A woman, in her early twenties, waits for a bus. Beside her, another woman, a little older, waits also. A thin drizzle is falling. The air is fresh and the two women are shivering as they talk. Their bus is late and they will be late. Late for work, late for life. One of the women takes a cigarette from a packet and lights it as she listens to her friend. Neither of them enjoys the work they do. A job’s a job, they think, something you do because you need to. It’s not a career, and certainly, not a vocation. One turns to the other who’s smoking and points out the man with the white cross. They smile, one to the other. A cross, of course, is not a job. Maybe he’s a carpenter, the smoker says to her friend, maybe he just made the cross, it’s been commissioned and he made it, and now he’s carrying it to the church.
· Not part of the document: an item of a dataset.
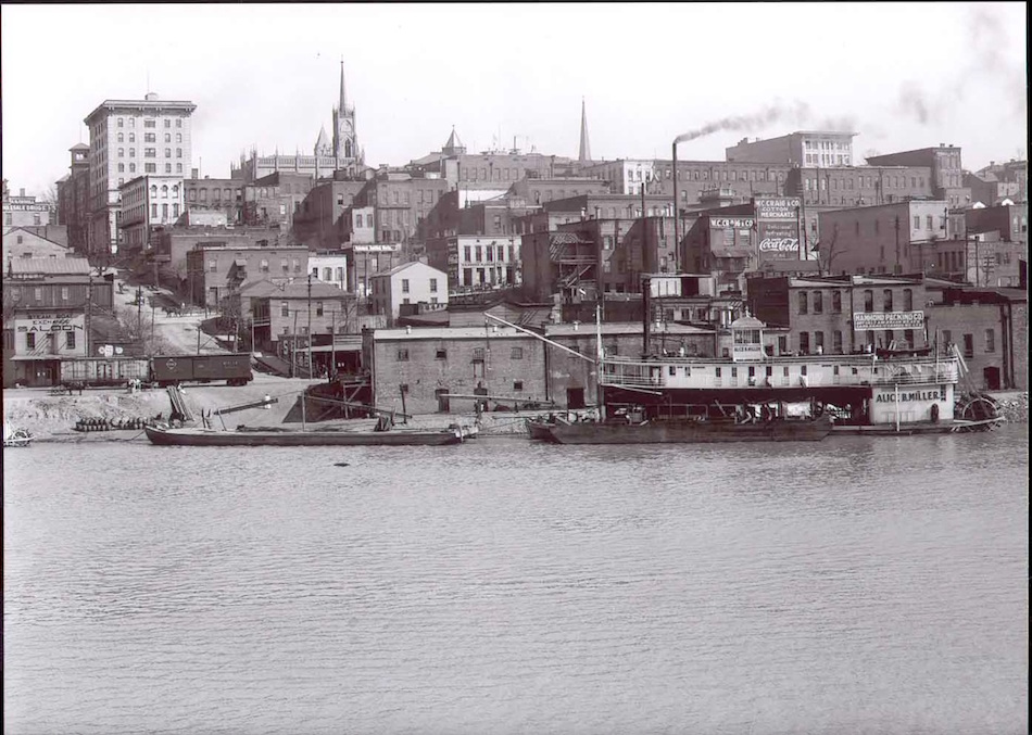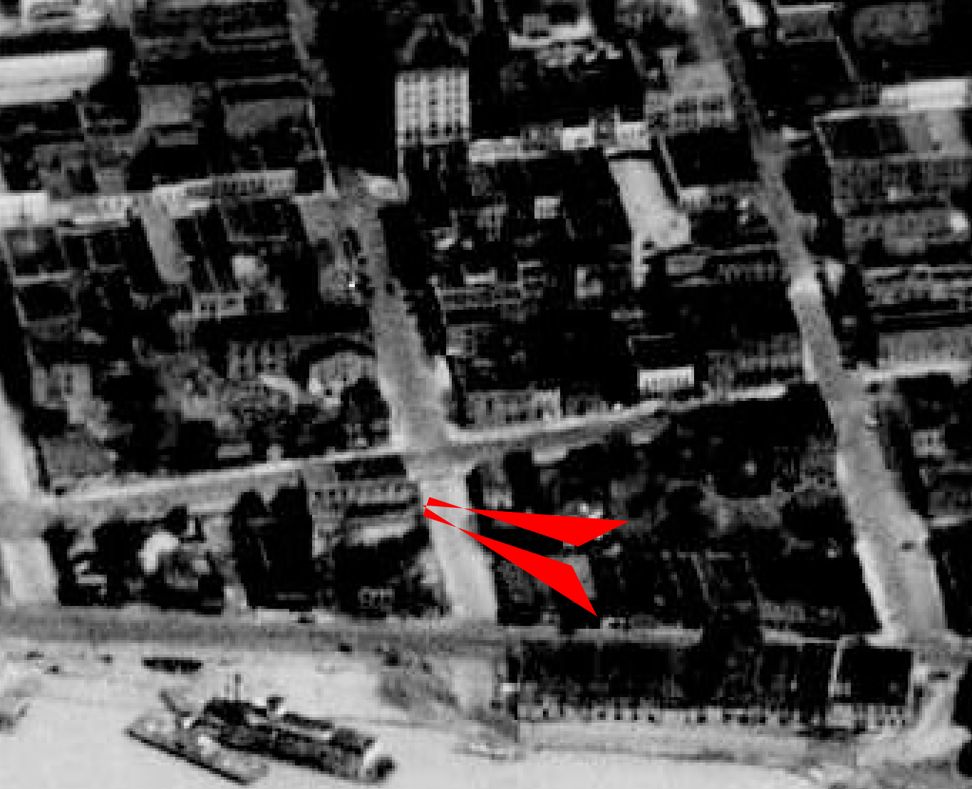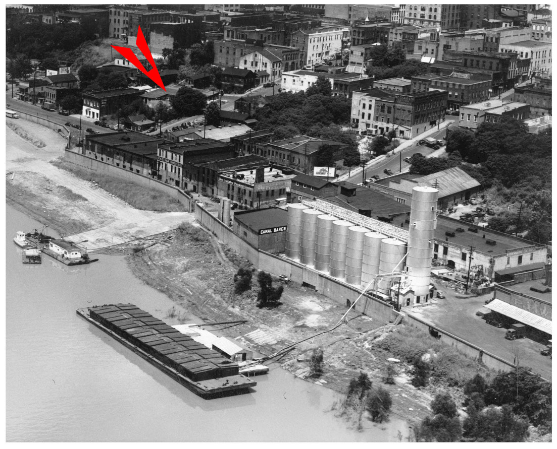 Vicksburg waterfront, 1940. Oakes Auto Part Building marked with arrow.

Have you ever seen such a big white cross, the other woman asks the smoker, that size? Well, no, she says and shakes her head. The man has now passed them, is already far far away, little more than a dot in their line of vision. No, I never have, she says. No never have, my friend. A white cross is quite a sight. I don’t think a church would want a white cross that size, do you? The smoker nods. You’re probably right.

Would you sleep with a man who carried a white cross? Would you sleep with a man who carried a cross, full stop? It’s a question the smoker has never considered but all the same she entertains it just for a moment. No, she says, I don’t think so. No.

His eyes. When you look into his eyes, what do you see? Do you see a tormented soul, a soul brought to the brink of insanity? Or do you glimpse a little bit of kindness, a man who is all alone? Someone at peace with himself and his beliefs?

Imagine if a car were to run him over as he crosses the road. How would the driver feel? Guilty, of course, says the non-smoker. Guilty as hell.

In his eyes, which are hazel, there’s a sadness. The sadness of love. Did you know that love can make you sad? It certainly can. There’s always heartache at the heart of love, true love.

There’s a canal about 800 yards beyond where the women wait for their bus. Ducks and geese, and sometimes swans swim back and forth on the canal. Back and forth they swim, under the bridges. A thin layer of oil floats on the surface of the water, and at a certain angle and in a certain light, a rainbow effect is created. A white swan suddenly turns iridescent, just for a moment, when the reflected light falls on the background of its feathers. Maybe that’s their cross, to swim back and forth, under bridges. It’s no life! Not at all. Decorative nature, nothing more, nothing less.

Times were a black man would be killed for such a stunt in Virginia. Desecrating the cross, they’d say. Shot to death or strung from a walnut tree. Those days, hardly worth the trouble being born black.

You never saw a cross that size, that colour before?

These days, nobody would give it a second glance, and you can do whatever you want. Wear whatever you like, go wherever you want, carry a huge white cross. How times have changed!